9.2.3. Nesting callbacks to enforce async execution order

Nesting callbacks is a technique that allows you to simulate synchronous code when you have only an asynchronous API, such as with getWinningNumbers(). This technique is used often in JavaScript, especially with server-side Node.js or a Dart VM to execute async code in the correct, logical order, such as open a file, read the file, close the file. All of these are async tasks, but they must be performed in the correct order. There’s a big downside to this technique, though. Once you get more than three or four nested callbacks, readability again becomes a problem, as you’ll see.

When nesting callbacks, you need to ensure that the first callback calls the second getWinningNumber() function and the second callback calls the third getWinningNumber() function, and so on. The last callback can then execute the final step in the chain, such as displaying the list of results on the UI.

Listing 9.5 modifies lottery_app.dart using nested callbacks to ensure that the winning numbers are drawn in order and that the list of winning numbers is updated only after the third number is drawn.

Listing 9.5. lottery_app.dart: using nested callbacks

As you can see, with three levels of nesting, things are starting to get complicated. The next requirement for the app is to sort the balls into order, also using an async API, which means another nested callback in the third callback.

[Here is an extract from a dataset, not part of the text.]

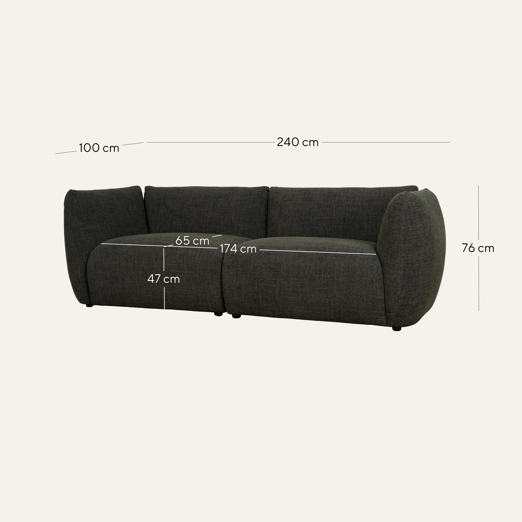 Overall: 240cm (W) x 100cm (D) x 76cm (H) Seat: 174cm (W) x 65cm (D) x 47cm (H) Arm Height: 76cm Leg Height: 3cm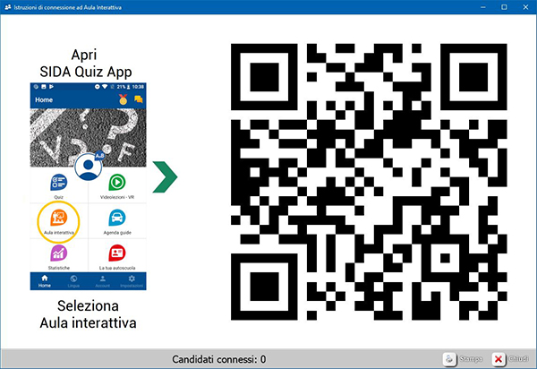 La modalità "aula interattiva" richiede, per il funzionamento, la presenza di una connessione internet sul computer aula, che è necessaria per poter attivare il collegamento tra gli smartphone dei candidati e il pc dell'autoscuola.

Unfortunately, this requirement is all too common in the real world, where you only have async APIs to work with but you need to either enforce a specific order or wait for a number of async calls to complete. A real-world example on the client side is a button-click handler to retrieve data from a server call, manipulate that data, and send the data back to the server, alerting the user when complete; a dive into many JavaScript applications will show code that contains nested async calls many levels deep, which is popularly known as callback hell. The following snippet shows how it might look if you had six balls instead of three:

getWinningNumber( (int result1) {
  updateResult(1, result1);
  getWinningNumber( (int result2) {
    updateResult(2, result2);
    getWinningNumber( (int result3) {
      updateResult(3, result3);
      getWinningNumber( (int result4) {
        updateResult(4, result4);
        getWinningNumber( (int result5) {
          updateResult(5, result5);
          getWinningNumber( (int result6) {
            updateResult(6, result6);
            //snip getResultsString()
          });
        });
      });
    });
  });
});

Many frameworks in the JavaScript world have been created to try to deal with this callback-nesting problem, but Dart brings its own solution to the table in the form of the Future and Completer types. These provide neat mechanisms to let async code execute in a specific order without nesting and to allow code to continue executing only after all the async operations are complete.

 

 

9.3. Introducing the Future and Completer pair

You saw in the previous section how to run async code using callback functions. When you request a winning number from the Dart Lottery machine’s getWinningNumber() function, you’re making an async request that returns a winning number after a random amount of time. Once all three of the winning numbers have been returned, you perform the next step in the app’s flow: formatting the numbers for use on the UI.

The code to check whether all three numbers have been returned became more complex, and you lost the ability to easily navigate the code. Fortunately, Dart provides a neat pair of types, Future and Completer, that will help you write more maintainable and readable async code.

These two types work closely together to return a future value, which is a value that will exist at some point in the future. A Completer object is used to return an object of type Future, which represents a future value. This future value is populated when the completer.complete(value) function is called, passing in the real value for the future. You can wrap your existing async API call to getWinningNumber(callback) to instead return a future value. Figure 9.8 shows how to achieve this; we’ll then look at how to use a future value.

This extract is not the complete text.